[Bioperl-l] SeqIO parsing

Tue, 24 Sep 2002 17:01:37 +0100 (BST)

I have been getting down into the depths of the parsing, and we are 
horrendously slow on the object creation - there are two main reasons:

   (a) a somewhat tortorous path of object creation, which *always*
travels through at least three functions to build a blessed hash (before
you have even got to the object-specific parts). I believe this can be 
slimmed down by:

       (i) Assumming the object's new function is supplied by the 
implementation heirarchy, and not the interface, getting rid of the jump 
through RootI. RootI's new() would now behave like RootI's 
_create_object()

       (ii) Remove the _create_object line in Root.pm - assumming that 
people who make to make a custom object would inheriet from RootI, 
implement ->verbose() and ->new() as they like.

       (iii) To prevent henious errors of RootI compliance without verbose 
being overriden, put in a default implementation of verbose returning 0 
and a warning.

  this scheme in my mind has one *SERIOUS* gotcha. People *have* to write 
their @ISA's with their implementation tree *first* and their interface 
inheritance second.
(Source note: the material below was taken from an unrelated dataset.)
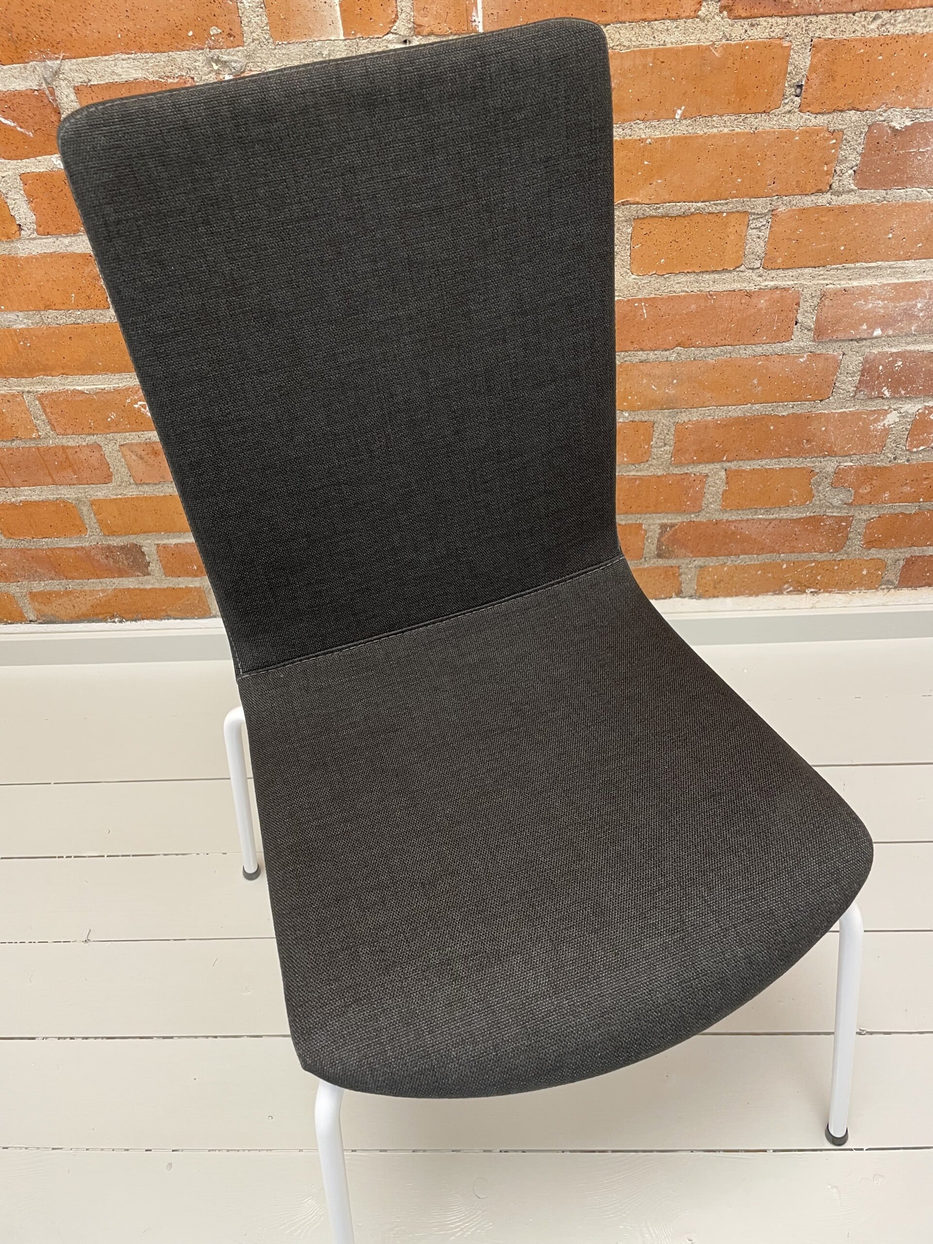 Seat and backrest in fabric (grey). Legs in metal (white).

Is this ok with people?

The nice thing about (a) is that it should give speed ups across the 
entire system, not just SeqIO. 

Jason/Hilmar - is there a hidden gotcha here somewhere?

  (b) Making a new Bio::Seq::SeqFactory with privledged access to 
functions in Bio::Seq and Bio::PrimarySeq to make fast access objects, eg, 
not going through a second alphabet on setting seq.

(b) is SeqIO specific so I want to do this second.

BTW - I think I can cut the object creation time by a factor of 6 in my 
tests if I get this written right ;)

-----------------------------------------------------------------
Ewan Birney. Mobile: +44 (0)7970 151230, Work: +44 1223 494420
<birney@ebi.ac.uk>. 
-----------------------------------------------------------------